Seeley v. Garrison

Brady, J.

It is not necessary in all applications under section 292 of the Code that the execution should be returned. The second subdivision of that section provides that after the issuing of an execution against property, and upon proof by affidavit of a party or otherwise, to the satisfaction of the court or a judge thereof, that any judgment-debtor has property which he unjustly refuses to apply towards the satisfaction of the judgment ; such court or judge, having jurisdiction, may by an order require the judgment-debtor to appear at a specified time and *463place, to answer concerning the same. And by section 294, the judge may, after the issuing of an execution, require any person having property of the judgment-debtor, or being indebted to him in a sum exceeding ten dollars, to appear before him at a specified time and place, to answer concerning the same. The same section provides that the judge may also in his discretion require notice of such proceeding to be given to any party to the action, in such manner as may seem to him proper. It is not necessary when the proceeding is under the section last referred to, that the remedy should be exhausted first against the debtor. The creditor has a right, as soon as the .execution is issued, to demand the application of property owned by the debtor, and, upon refusal, to proceed under the second subdivision of section 292, or to adopt a proceeding under section 294, against any person having property of the debtor, or being indebted to him in the sum of ten dollars. Section 294 does not require notice of the application or proceeding to be given to the debtor. Whether it shall be given or not depends upon the discretion of the judge conducting the proceeding; and there, in my judgment, it should rest. The intended operation of the statute might often be defeated by collusion between the judgment-debtor and his debtor if notice were' in all cases required to be given; and hence the provision that the propriety of notice shall depend upon the circumstances of each case.

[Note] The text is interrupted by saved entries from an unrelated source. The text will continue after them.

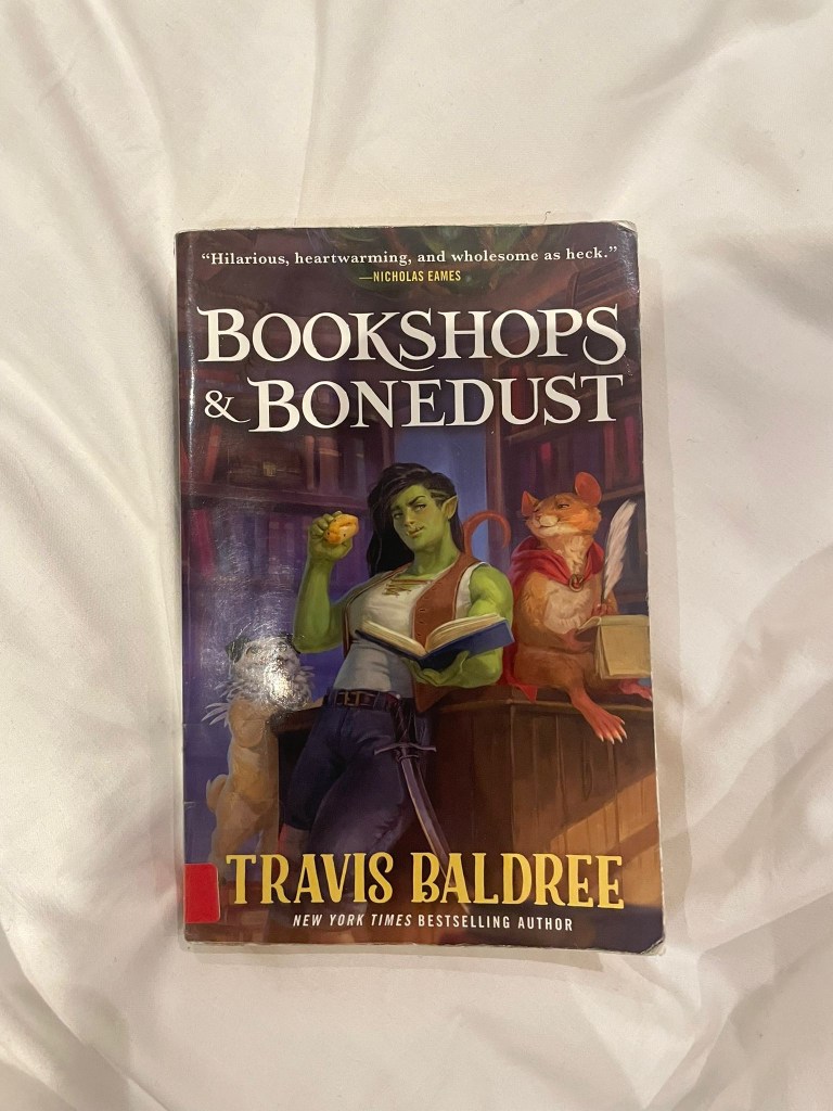 This week I’m on holiday in England and I have brought a few books on the road with me (and may have also picked up a few more since I’ve been here), but the book I’m currently reading is’ Bookshops & Bonedust’ by Travis Baldree.
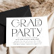 Modernes grad Party lädt mit "Grad Party" in trendiger schwarzer Schrift mit dem Abschluss Jahr. Personalisieren Sie die Schwarz-Weiß-Abschlussfeier lädt mit dem Namen und Party des Absolventen unten gezeigt. Die kühnen Typografie-Graduiertenfeiern eignen sich hervorragend für Absolventen der Highschool und der Uni.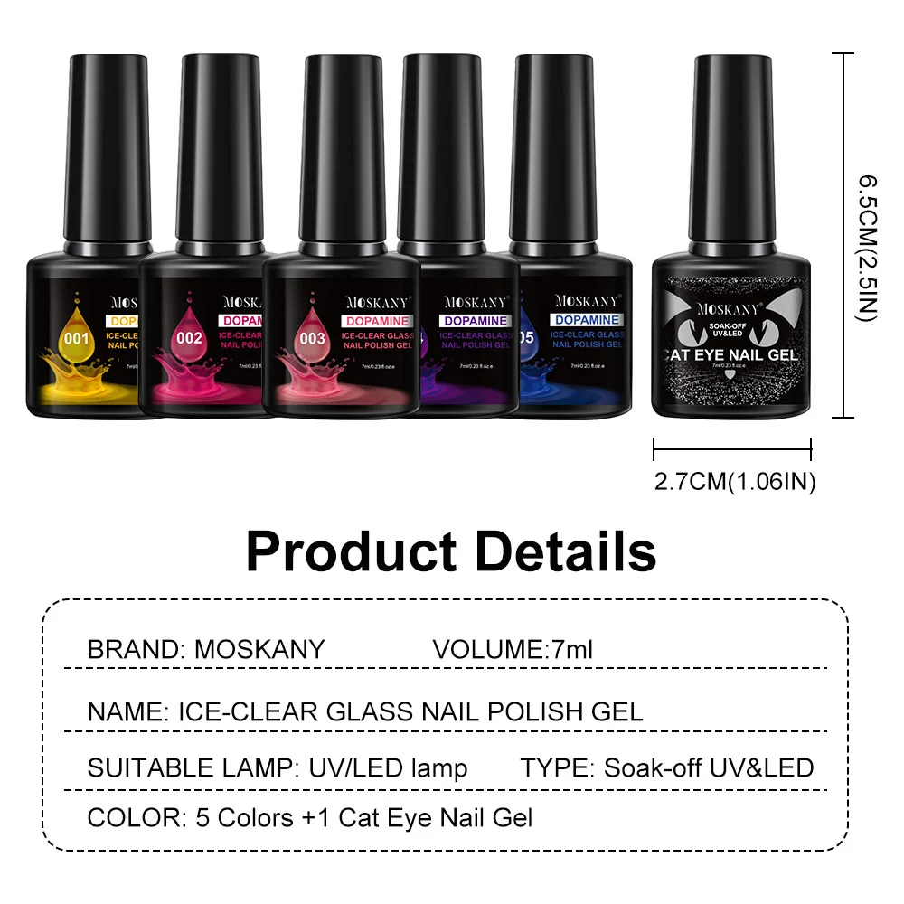Embrace the vibrant energy of summer with our Dopamine Ice-Clear Glass Nail Polish Gel. Designed to create a stunning, translucent ‘glass’ effect, this collection brings a refreshing and trendy look to your manicure. Whether you’re a professional nail artist or a DIY enthusiast, this high-gloss formula ensures your nails stand out with a sophisticated, watery shine.

The section provides for notice, in the discretion of the judge; and the maxim “ expressio unius est exclusio alterius,” applies. Any other notice is excluded. The section is also analogous to section 293, which provides that after the issuing of the execution, any person indebted to the judgment-debtor may pay to the sheriff the amount of his debt, and that without notice to the judgment-debtor.

The defendant insists, in addition to the objections considered, that the restraining clause of the order is unauthorized. I think not. By section 297, the judge may order any property of the judgment-debtor in his hands exempt from execution, or due to the judgment-debtor, to be applied towards the satisfaction of the judgment; and if the order requiring the debtor of the judgment-debtor to appear, was not intended to prevent a payment of the debt to the judgment-debtor, then the judgment-debtor might collect and appropriate it at any time before his debtor *464was directed to pay it. Such was not the design of the Legislature in creating section 294. The legal operation of the order should be to suspend the right of payment; and there can be no impropriety in advising the person proceeded against, by inserting in the order a command not to dispose of the money due until the further order of the court. At all events, I think such a provision is in perfect harmony with the general character of the sections of the Code relating to supplementary proceedings, and fully authorized by them.

Order appealed from affirmed, with $10 costs.

Daly, F. J., and Hilton, J., concurred.